Space, the final frontier. In fiction, the human race has long been drawn to the idea of spreading out among the stars, colonising new planets and exploring the furthest reaches of space, ensuring the survival of our species. In reality, the idea of interplanetary colonisation has been hampered by little details such as the inadequacy of our technology and the sheer brain-freezing amounts of money required to launch people out of the Earth’s atmosphere.
Now NASA has announced that not only is it aiming to open the possibility of colonisation, but that it is looking far beyond the confines of the Solar System in order to do so.

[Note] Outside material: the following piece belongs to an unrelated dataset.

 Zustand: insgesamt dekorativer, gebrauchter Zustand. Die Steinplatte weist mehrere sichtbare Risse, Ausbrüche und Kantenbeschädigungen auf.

The Hundred Year Starship project is a research project aimed at developing technology that will put humanity in the position of being able to build a functioning starship in the next century or so.
At a San Francisco event in early October 2010 (the Long Conversation Conference), in response to questions about the limited scope for colonisation provided by the solar system itself (“Mars could be a BIT interesting,” the interview conceded grudgingly), the director of NASA’s Ames Research Center, Pete Warden, confirmed that Ames had begun this research programme. $100,000 has been invested by NASA, with $1,000,000 coming from DARP; and Worden is hoping that “certain billionaires” might contribute further.
This Hundred Year Starship would be a one-way ticket for the pioneering astronauts who boarded it, they would be unable to return to Earth. But there is no shortage of astronauts who have previously said that they would be willing to make such a personal sacrifice in order to take us out into space. Overcoming both the possible psychological effects of knowing they will never return to Earth, and the known physical side-effects of space travel such as muscle wastage in zero gravity, will presumably form part of the research and development of the Hundred Year Starship project just as much as investigations into propulsion systems and photon torpedoes (if the eventual starship is not armed with photon torpedoes, everyone will be very disappointed).
The Hundred Year Starship project is clearly in its infancy but it marks a shift in NASA’s ambitions, away from exploration and towards colonisation – a goal which the agency has always been very wary about pursuing publicly. The focus on private money in order to achieve this goal is also an interesting new development.
The idea that the NASA mission will take astronauts to Mars and ‘leave them there’ is misleading. It is likely that Mars will at some point be the first staging post in our attempts to spread beyond planet Earth, but the real goal is to seek out new planets in other solar systems. If it gets off the ground, so to speak, the Hundred Year Starship project might end up changing the way we view our place in the Universe.